Innovation predicts higher profits and stock returns

February 16, 2021

A large-scale study of the link between innovation and financial performance in Australian companies has found more innovative companies post higher future profits and stock returns.

The findings highlight the significant financial benefits of innovation for companies, which in turn supports job creation and economic growth.

The study, conducted by Dr Anna Bedford, Dr Le Ma, Dr Nelson Ma and Kristina Vojvoda from the University of Technology Sydney, examined patent registrations from 1296 ASX-listed companies between 1997 and 2018.
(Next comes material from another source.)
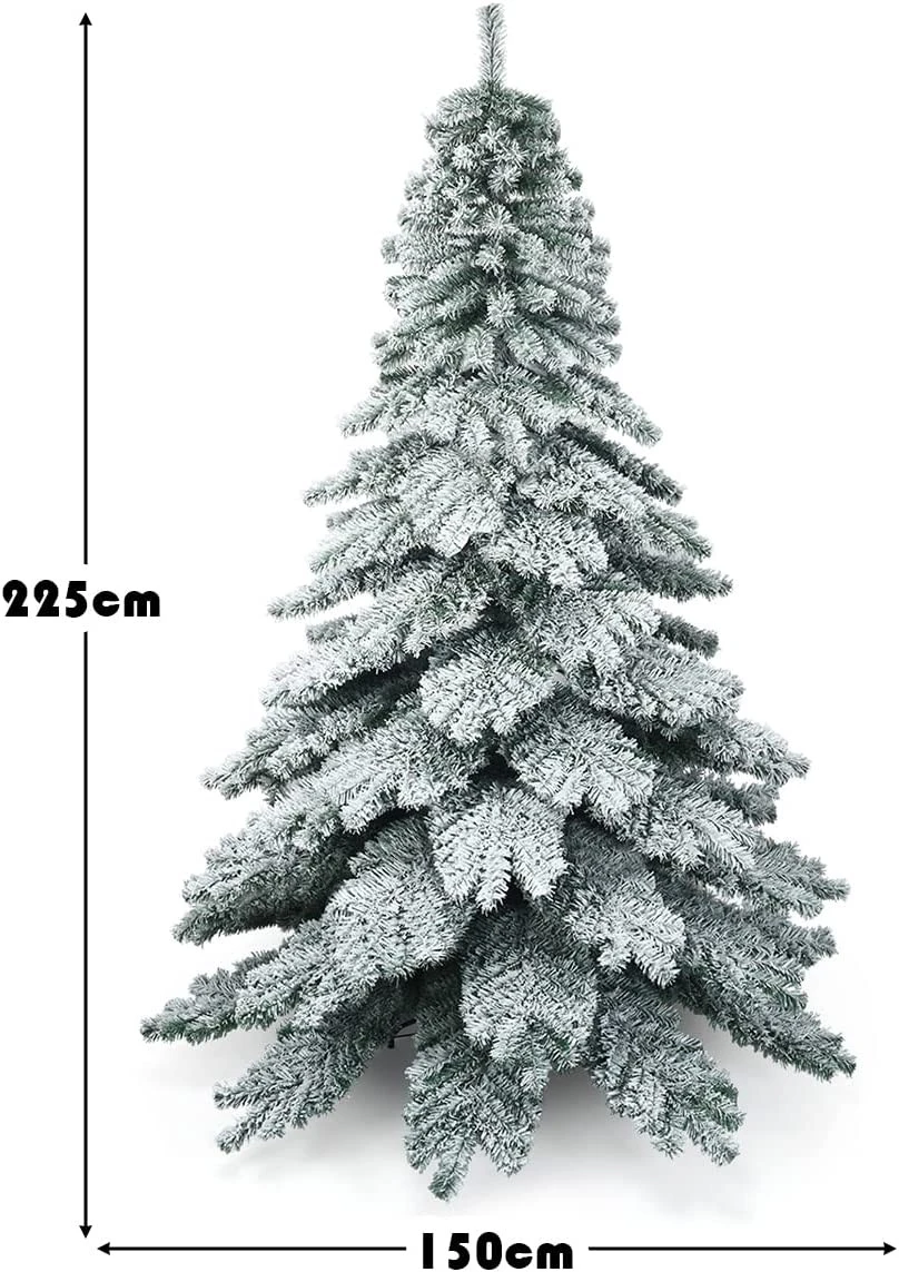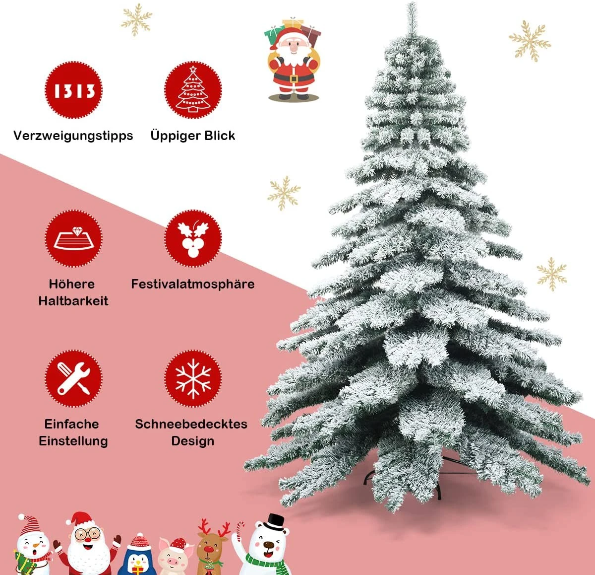 Bringen Sie mit dem schneebedecktem Weihnachtsbaum eine festliche Atmosphäre in Ihr Zuhause. Dieser Weihnachtsbaum eignet sich sowohl für den privaten als auch für den gewerblichen Bereich und bringt die Festtagsstimmung in jeden Raum. Er ist 225 cm hoch, mit 1313 Zweigen, hat eine volle Form und ist eine hübsche Dekoration, die Sie in Weihnachtsstimmung bringt. Sein Aussehen ist an das einer echten Kiefer angelehnt. Dank der klappbaren Zweige lässt er sich in Minuten superleicht auf- und abbauen. Mehr noch, durch das 100% neue, hochwertige PVC-Material ist der Weihnachtsbaum nicht nur geruchsfrei, sondern auch geeignet für einen langfristigen Gebrauch. Er wird auch mit einem stabilen Metallständer geliefert, so dass ergeradestehen kann, ohne umzufallen. Nehmen Sie diesen hübschen Tannenbaum mit nach Hause und Sie werden sich wie in einem verschneiten Wunderland fühlen.

They matched patent data with financial and market information and found the most innovative firms experienced 1.95% higher yearly growth in profitability compared to non-innovative firms.

"Despite calls for more innovation to promote economic growth in Australia, to reduce the reliance on commodities and tourism, there was a lack the evidence on whether innovation generates greater financial returns," says Dr Bedford.

"Evidence of a strong link between patent filings and future earnings should encourage businesses to invest in innovation. The findings also provide a strong argument for the Australian government to develop further incentives to support corporate innovation," she says.

Using a new source of data from the Australian Patent Office, the researchers found nearly half of the Australian companies in the study had no patents listed, while 618 were in the "low" category, 48 were in the "middle" and 31 in the "high" category.

The researchers have now developed a first-ever Australian listed firms' patent database, publicly available on the UTS website, to facilitate future studies on Australia's innovation and expand understanding of innovation by Australian firms.

Compared to US firms, Australian companies were less innovative, made smaller investments in R&D, and had fewer patents, despite being a similar size, the study found.

In 2019, IP Australia received a total of 29,758 standard patent applications while 621,453 patent applications were received by the US Patent and Trademark Office.

Australia currently ranks 23rd in the world on the Global Innovation Index, and a disappointing 59th for "innovation efficiency" - a measure of how well research is translated into commercial outcomes.

Criticism has been levelled at Australia's current R&D tax incentive scheme as being ineffective, with calls for the government to increase direct funding for innovation through grant programs.

The researchers also looked at how company innovation activities are perceived and valued by investors, and whether investors are able to price in future gains from innovation. Investor behaviour is important because it can influence innovation strategy.

"While research from the US suggested investors are not good at pricing future gains from innovation, our study showed Australian investors are better able to understand the competitive advantage of innovation and factor this into share prices," says Dr Le Ma.

"This is likely due to the relatively limited patent filings activities taking place in Australia, and the two-tier patenting systems that distinguishes between ground-breaking and incremental innovations," she says.

The study findings highlight the need for firms to communicate their innovation pipeline with investors, and for a clear and accessible patent database.

"Our research shows the importance of a patenting system that can facilitate investors' understanding of corporate innovation, however Australia's two-tier patenting system is currently being phased out, which could hinder access," says Dr Ma.
The study 'Future profitability and stock returns of innovative firms in Australia' is published in the Pacific Basin Finance Journal.